UDP also has the benefit of working with multicast. My transmitter could be modified to work in a way that would simply continue broadcasting until all receivers ack’d all packets.

Note that I’m bringing acks back into the picture for my scheme… but that the acks have a VERY large window of time to get back to the transmitter. Since ack packets are so small and all they need to say is “got packet X” I can include redundant ack data in all my ack responses so that the probability of an ack not getting back to the transmitter is quite low. In any case my transmitter will loop over the un-ack’d data until it confirms that it got through, so that very low percentage of acks that don’t make it back, even with my multiple redundant acks will be resent when/if the receiver gets a duplicate packet.

The initial response from the Prof who is also the chair of Communications at my Alma Mater is basically “TCP is a hell of a lot better than that” (not his literal response, but pretty close!). I’m still researching this actively (I’ve got some new interesting resources from him, relevant papers etc - but annoyingly in formats like zipped PS which I can’t read from my PC right now), and he might have misunderstood what I was describing, but on the whole it looks like the vendors are citing perf improvements from comparing really bad TCP implementations against a really good implementation of a different protocol.

I’ll followup once I’ve investigated further :).

I would be interested to see what you can dig up as well. As I mentioned inn another thread, I’ve now got the Digital Fountain core library and have done comparisons to FTP on Windows. There was a 50% gain in throughput with almost 0% loss and 70-100 ms RTT over a relatively slow link (consumer broadband).

That is significantly lower than the target link speed that we will be dealing with, and as the bandwidth increases, loss and RTT are a larger factor in the slowdowns that will happen with TCP.

FTP isn’t the best protocol, but it is common. Windows doesn’t likely have the best TCP/IP stack, but that is a component that I do not have control over.

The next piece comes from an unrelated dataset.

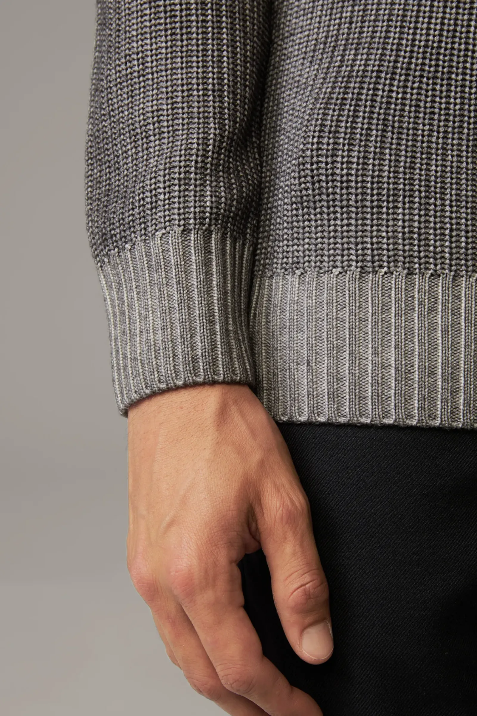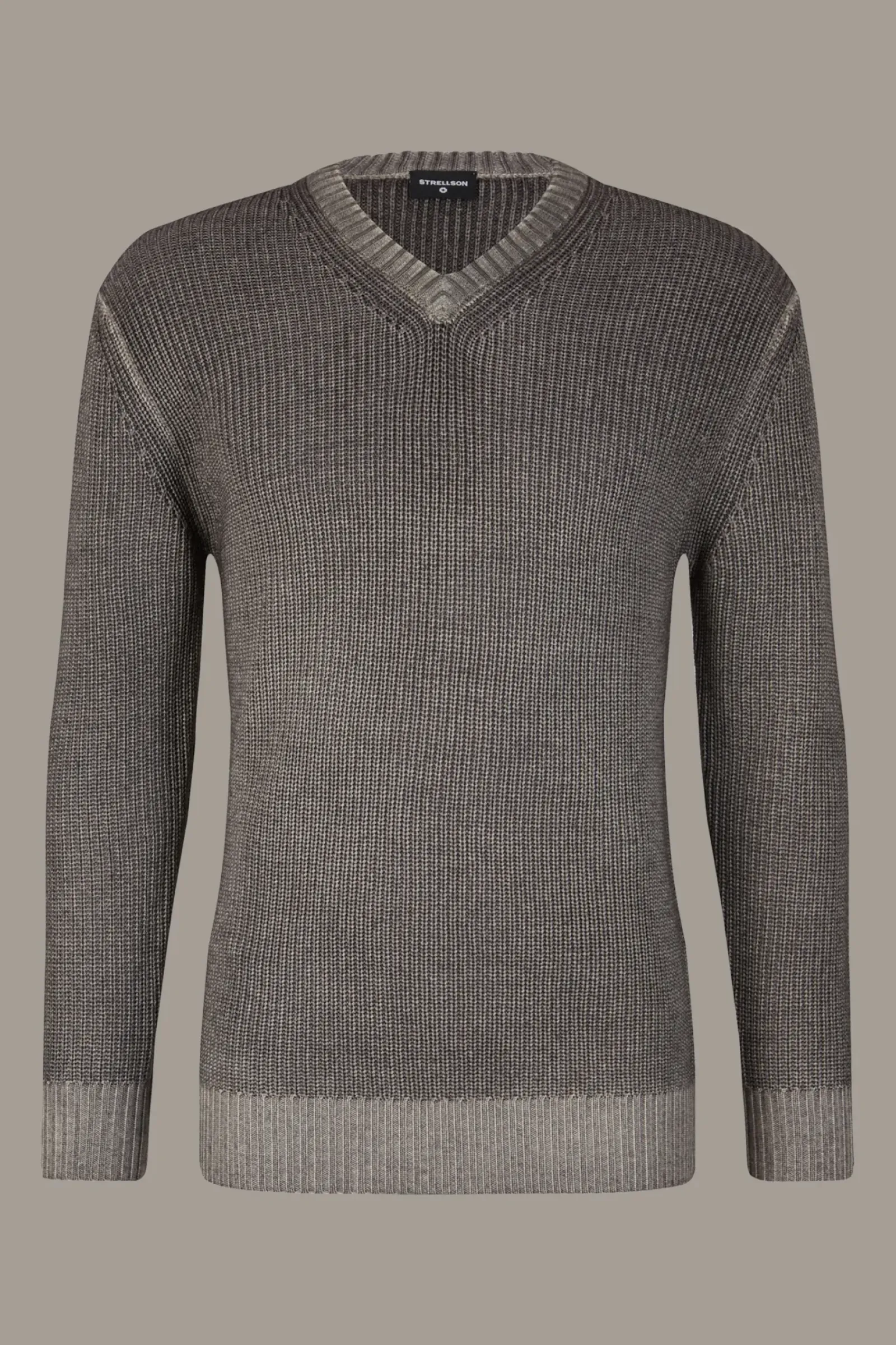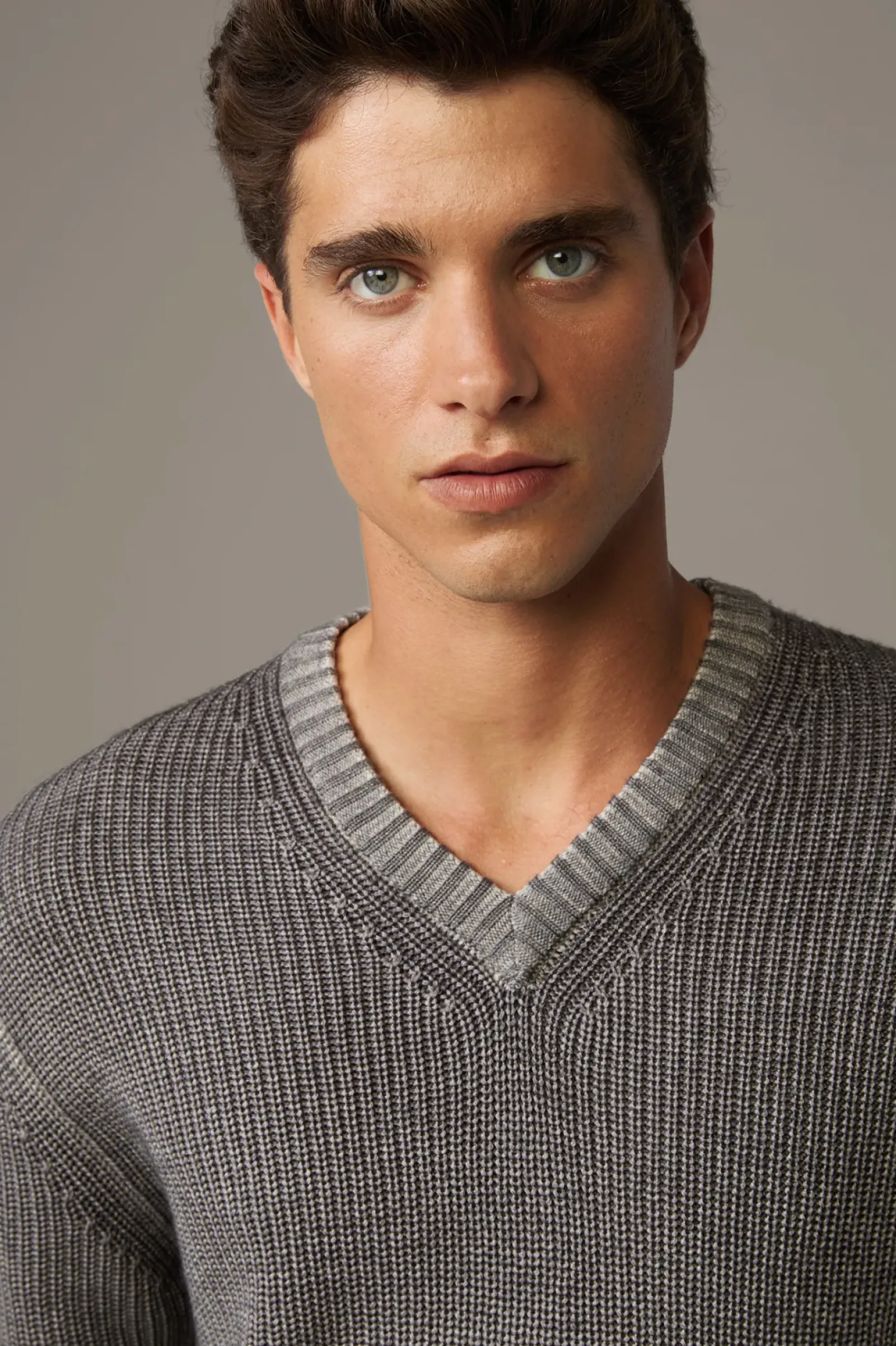 In Rippe gestrickt und aus reiner Schurwolle präsentiert sich der Pullover Leon als komfortables Piece – ergänzt durch V-Ausschnitt und Rippbündchen.

I will not be surprised to see that the typical gains are less than what is in their marketing ‘BS’. But on fast links (10Mbps and higher) I would expect to see a significant improvement over TCP.

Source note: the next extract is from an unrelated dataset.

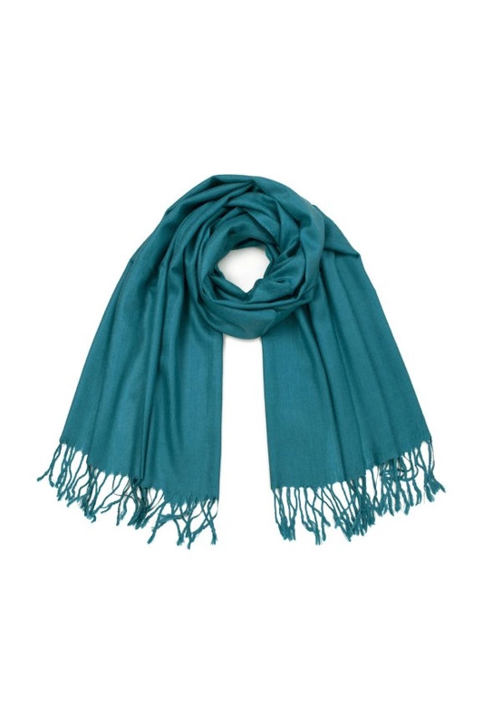 Wykończony frędzlami. Materiał miękki i przyjemny w dotyku.

I have some tests to run in a week on faster pipes, so I will know more then.

And all this doesn’t address the other aspects… the possibility of multicast. Even satellite broadcast where there is no back channel for ACKs. I won’t be needing that in the near term, but it is something that I might visit later on.

Please keep me informed of your findings. I will report back with my own.

FYI I’ve just been quoted TCP working fine at over 3 Gbps (!); the general impression was that low Mbps really shouldn’t be an issue. Yup, I’ll follow up as I can…

AH the wonders of the community.

I love it when you guys do all my research for me :slight_smile: :slight_smile: :slight_smile:

(Not to mention coding on the core libs!)

Thanks guys, at this point you, the community, are the majority of what makes this site work!

[quote]I love it when you guys do all my research for me :slight_smile: :slight_smile: :slight_smile:

(Not to mention coding on the core libs!)
[/quote]
Just wait 'till you get the bill ;D